The Genealogical World of Phylogenetic Networks: Continued misuse of PCA in genomics studies

Tuesday, May 3, 2016

Continued misuse of PCA in genomics studies

A few years ago I discussed some well-known methodological artifacts that can arise with the use of Principal Components Analysis (PCA) ordinations, and noted that these problems seem to be widespread in genomics studies (Distortions and artifacts in Principal Components Analysis analysis of genome data). This problem involves a spurious second axis in the output graph that is a merely curvilinear function of the first axis (rather than being an indication of important new information).

[Note: if you would like a description of PCA, try this blog post by Lior Pachter: What is principal component analysis?]

This distortion problem has been long known in research fields such as ecology, where it is referred to as the Arch Effect (or the Horseshoe Effect, or the Guttman Effect). It has previously been pointed out as a problem for genomic data when they form a clinal geographical pattern, although clearly the problem can involve much more than just geographical patterns.

The issue I previously raised was that the problem was being ignored by practitioners, which can lead to serious mis-interpretation of the data analysis. Here I note that this issue continues, apparently unabated.

For example, the following paper recently appeared:

Benjamin Vernot, et al. (2016) Excavating Neandertal and Denisovan DNA from the genomes of Melanesian individuals.
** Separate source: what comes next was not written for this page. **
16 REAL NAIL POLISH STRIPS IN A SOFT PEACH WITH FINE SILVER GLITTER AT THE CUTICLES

Science 352: 235-239.

This paper contains the following pair of PCA ordinations, illustrating genomic variation among a sample of 159 geographically diverse humans. In both cases, the second axis (vertically) is clearly nothing more than a curved function of the first axis (horizontally).

The simplest interpretation of these diagrams is that there is a 1-dimensional spatial pattern (ie. a geographic gradient) that is being distorted into 2 dimensions. For example in Figure B from left to right, the geographic gradient proceeds from East to West to South.
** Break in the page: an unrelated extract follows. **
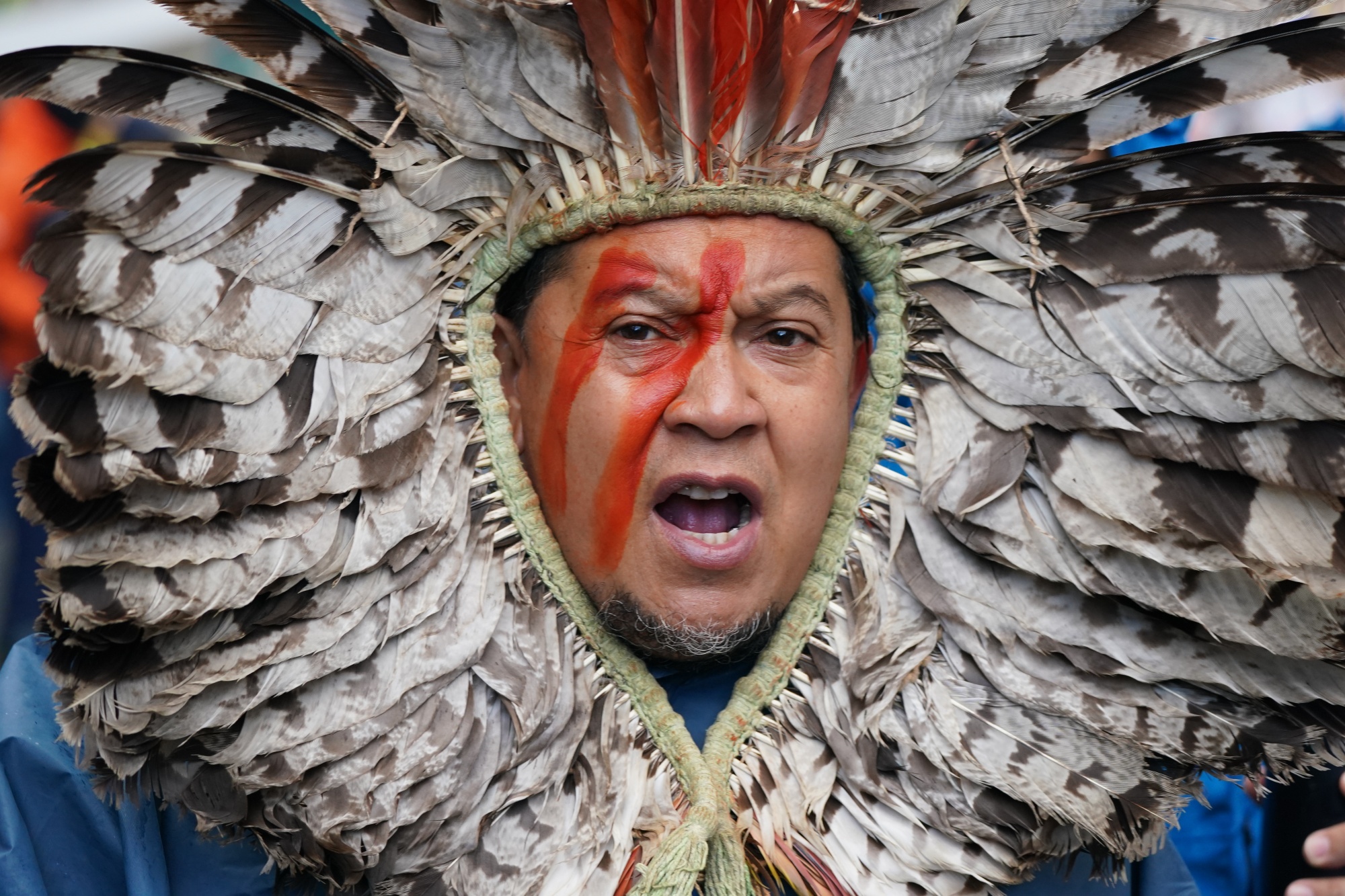摄影师:Andrew Milligan/PA Images/Getty Images“我是巴西土著,今天我在这里是为了让人们意识到正在发生的事情,也是为了土著人民,” 54岁的阿尔贝托·特雷纳说。“森林的破坏,河流的污染以及正在发生的无数罪行,这就是我在这里的原因。”

Gil McVean (2009. A genealogical interpretation of principal components analysis. PLoS Genetics 5: e1000686) identifies a few other limitations of PCA, including distortions produced by greatly unequal sample sizes among groups (such as populations).

Lest you think that all PCA diagrams are faulty, I should point out that when there are two or more patterns then PCA can work quite well — it is only when there is a single pattern that a 2-dimensional diagram will be distorted. Consider this diagram, from Pille Hallast, et al. (2016) Great ape Y chromosome and mitochondrial DNA phylogenies reflect subspecies structure and patterns of mating and dispersal. Genome Research 26: 427-439:

There are four labelled groups here, and the first PCA axis separates PTV from the other three groups, while the second axis separates PTE from the other three, without distortion. [Any separation of PTS from PTT is presumably on the third axis, which is not shown.]

Finally, the paper by Vernot et al. (with which I started) does also contain a diagram that is more interesting for this blog. It is a manually constructed network illustrating the multiple inter-breeding events that the authors infer between Neandertals, Denisovans and various human geographical groups (as named in the first figure).